I can clearly see now why people may mistake calmness for coldness because there’s not as much emotional variety as when we’re swinging through very, very highs and very, very lows. But as with my grandmother, there’s a deep and rich loving that is always there and that serves not only me, but others. Drama may seem appealing because of the excitement it generates, but there’s a much deeper and richer experience that lies in the quiet calm of both self-awareness and outer awareness. Mindfulness doesn’t eliminate sadness, anger or hurt to be clear. But it allows us to recognize that whatever our emotional response to events, they will pass, so I think when we’re mindful, we hold on to them less tightly. We may experience discomfort, but we know it is only temporary.

I’m not as mindful as my grandmother was. I still get angry or upset on occasion, but I am usually quickly aware of what’s occurring and can take steps to calm my system back down. My grandmother would be the equivalent of a Zen Buddhist and I have a long way to go to achieve that, but I am fascinated that the connection between my grandmother and I has surfaced.

You may want to reflect on how broad your emotional reactions are to life. Reactivity usually correlates to health problems, either now or in the future, so perhaps it’s time to consider how to calm down. In 2018, the American Psychological Association declared that the US had reached a new high point in the nation’s stress quotient. In their Stress in America survey, they found nearly 2/3rds of Americans were stressed out over the nation’s future and more than half were distressed by the divisiveness that dominated public life. That was pre-pandemic.

In the latest survey in March of this year, the number of people who say they’re significantly stressed about recent events is unprecedented. Inflation, the Russia-Ukraine war and global uncertainty topped the ranks of sources for stress. Perhaps one of the most important factors to consider in your life today is that you cannot change world events. You cannot stop inflation. You cannot do anything to end a war. You can’t end a pandemic.

The one act we can perform is to look at how we respond to these events. Getting upset or angry doesn’t usually change anything externally, but it causes great harm internally. When we’re in the midst of any drama, we can certainly navigate it more effectively if we’re not being flooded with stress hormones, so calmness leads to better responses and decisions.

We can’t really separate nature versus nurture anymore because we now know they influence each other. Our environment, including our inner environment, can influence genetic expression, meaning we can shift our habitual reactions into mindful responses simply by practicing mindfulness and meditation, which ultimately changes the physical structure of our brains and can change both our mental and physical health. Nature and nurture are interconnected, as is everything in life.
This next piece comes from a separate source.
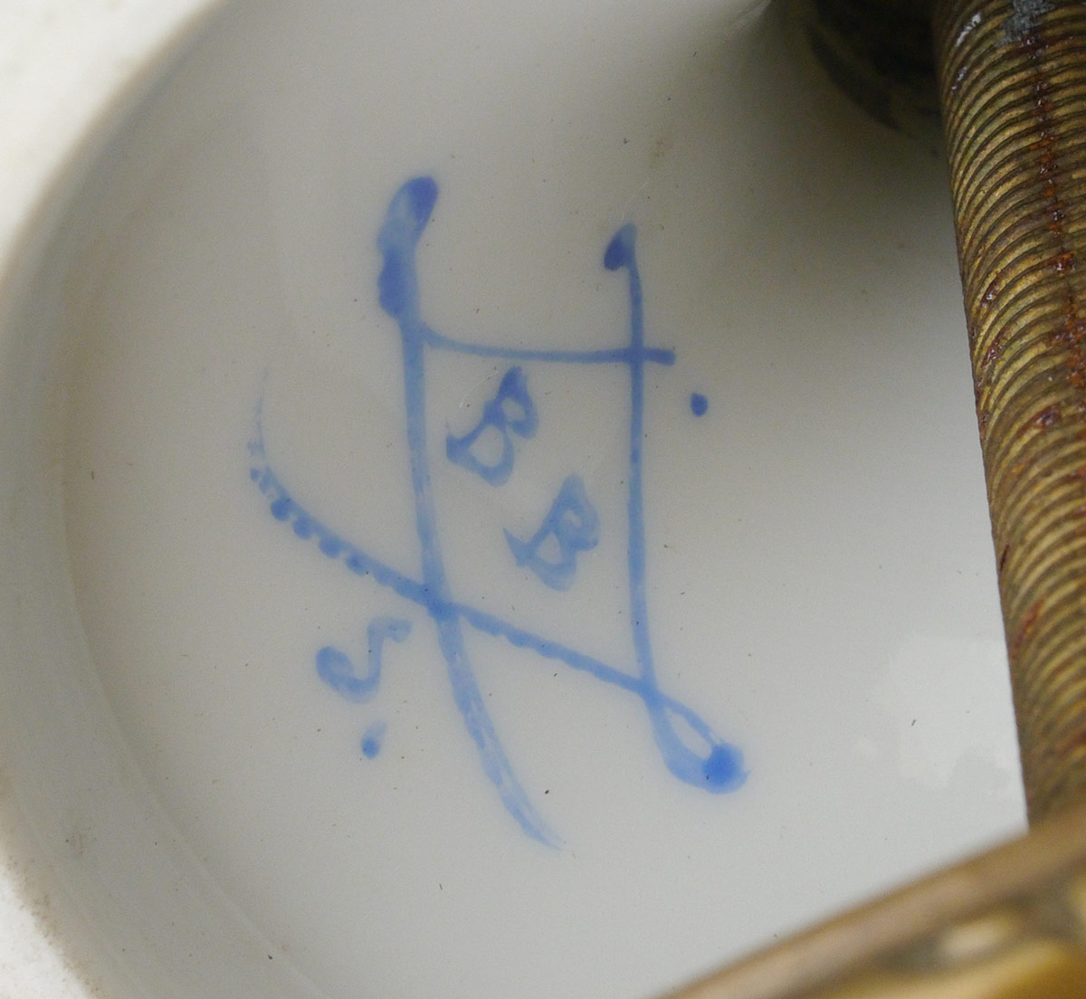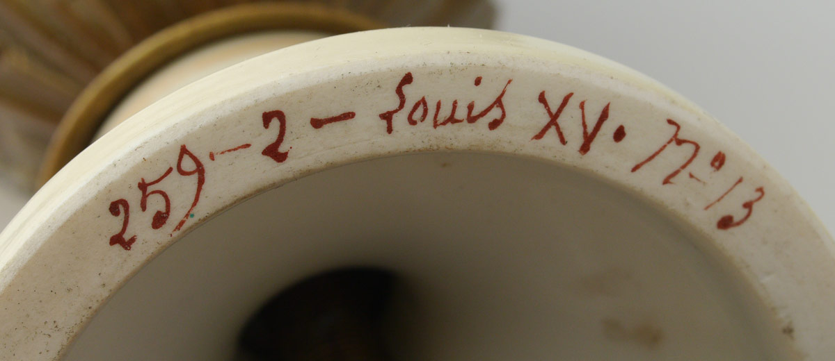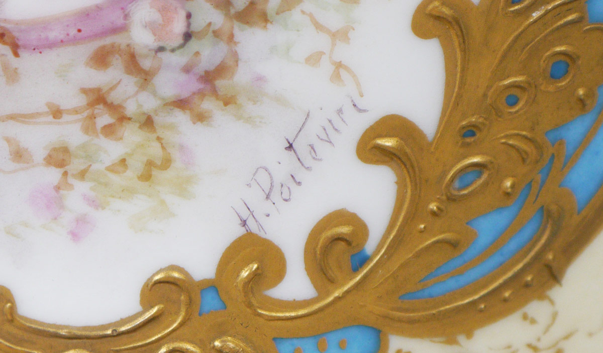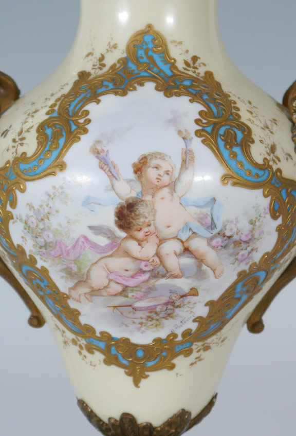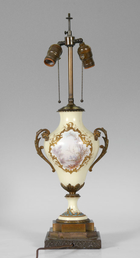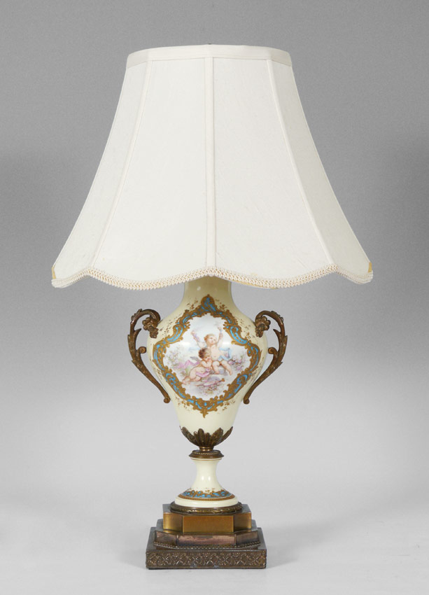 H. POITEVIN SEVRES STYLE MOUNTED PORCELAIN LAMP: Ormolu mounted Sevres style urn converted to lamp. Hand painted cherub motif signed H. Poitevin, outdoor genre scene verso. Spurious Sevres date marks, also marked along base rim ''259-2-Louis XV-77-13''. On stepped embossed metal base. Double socket fixture. Overall measures 25 1/2'' h. x 8''.

We have so much more control over our personality traits, behaviors, thought processes and overall well-being than we have ever known possible before. I can start out with a traumatic childhood and still become a positive contributor to life while someone else can have an ideal childhood and become a criminal or even a dictator, but we now know we really can choose which path we take because it’s not about nature versus nurture. It’s about acquiring and understanding the knowledge that’s available to us and then deciding how and who we want to be.

My grandmother didn’t have the advantage of all of the scientific evidence we have today, but she did have religious knowledge so perhaps that’s how she learned the benefits of equanimity. Or maybe there is a calm gene and she was born with it. Either way, I’m now aware of a mindful role model that was there along and will bring her to mind whenever I feel the temptation of getting sucked into drama pulling at me.

My question for you is, what will you do with all of this knowledge?